Starting at the first line of the records below, reproduce every line up to and including the line with "1916 1916 г.", but leave out all pictures.

══════════════════════════════

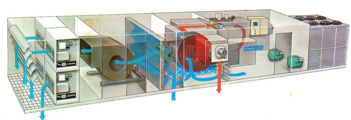 轉輪除濕機的工作流程可分幾個部分完成:預冷 / 預熱( 供選件 ) — 轉輪除濕 —后冷 / 后熱( 供選件 )
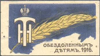 1916 1916 г. Разм. 58 х 32 мм. Трехцветная печать на белой бумаге. Слева эмблема Общества. В центре колос ржи. Справа внизу текст в две строки: «Обездоленным детям. 1916».
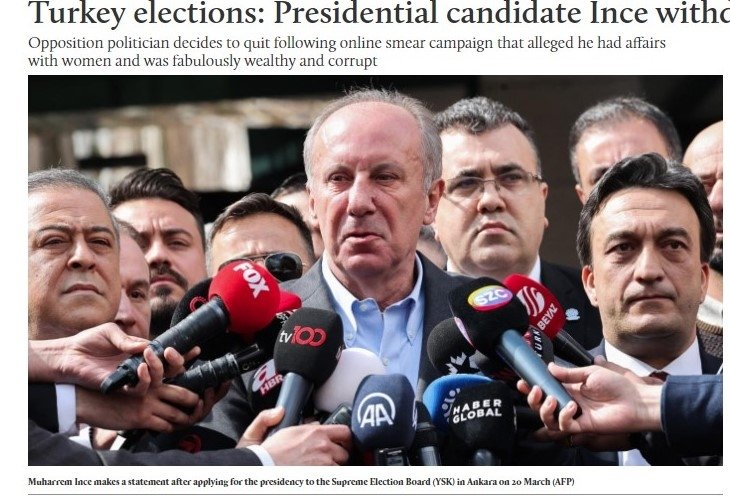 Middle East Eye (MEE) İnce'nin adaylıktan çekilmesiyle ilgili "Muhalefet politikacısı kadınlarla ilişkisini olduğu, inanılmaz derecede zengin ve yozlaşmış olduğu iddialarının ardından istifa etmeye karar verdi" denildi.
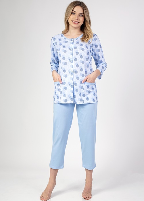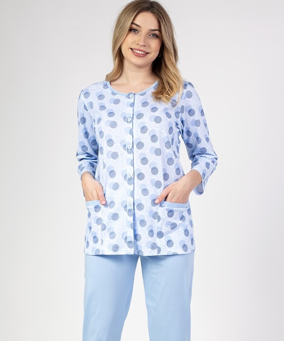 Piżama rozpinana Regina 670 niebieska w grochy:
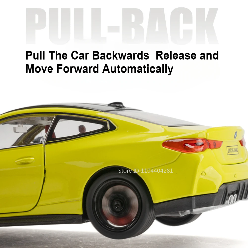 Bring the thrill of high-performance sports cars home with this highly detailed 1:24 diecast alloy model. Available in vibrant colors like purple, white, black, yellow, red, and blue, this model measures approximately 20.5 x 9.5 x 6.3 cm for the M4 and 20.7 x 8.2 x 6.6 cm for the M3, featuring a durable metal body, plastic chassis, and rubber tires. It boasts realistic opening doors, pull-back action, sound, and lighting functions, capturing the sleek, aerodynamic design and fine craftsmanship. Perfect for collectors or as a statement gift, this high simulation, durable model elevates any collection or display.
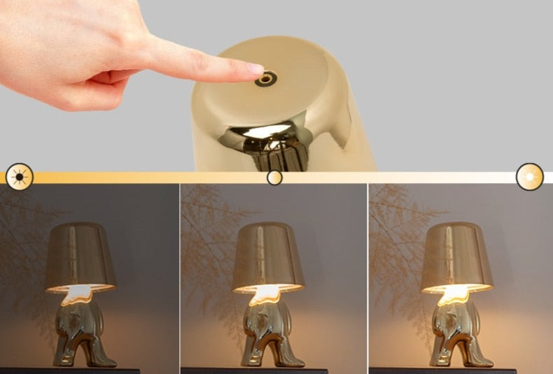 TOUCH CONTROL: 3 LEVELS OF DIMMING: Thinker Golden Man bordslampa erbjuder bekväm touch control med 3 nivåer av ljusstyrka. Med hjälp av den högkvalitativa sensorn på lampans ovansida kan du enkelt skapa olika ljusatmosfärer genom att justera ljusstyrkan efter dina behov.

══════════════════════════════

* **Response below**
 轉輪除濕機的工作流程可分幾個部分完成:預冷 / 預熱( 供選件 ) — 轉輪除濕 —后冷 / 后熱( 供選件 )
 1916 1916 г. Разм. 58 х 32 мм. Трехцветная печать на белой бумаге. Слева эмблема Общества. В центре колос ржи. Справа внизу текст в две строки: «Обездоленным детям. 1916».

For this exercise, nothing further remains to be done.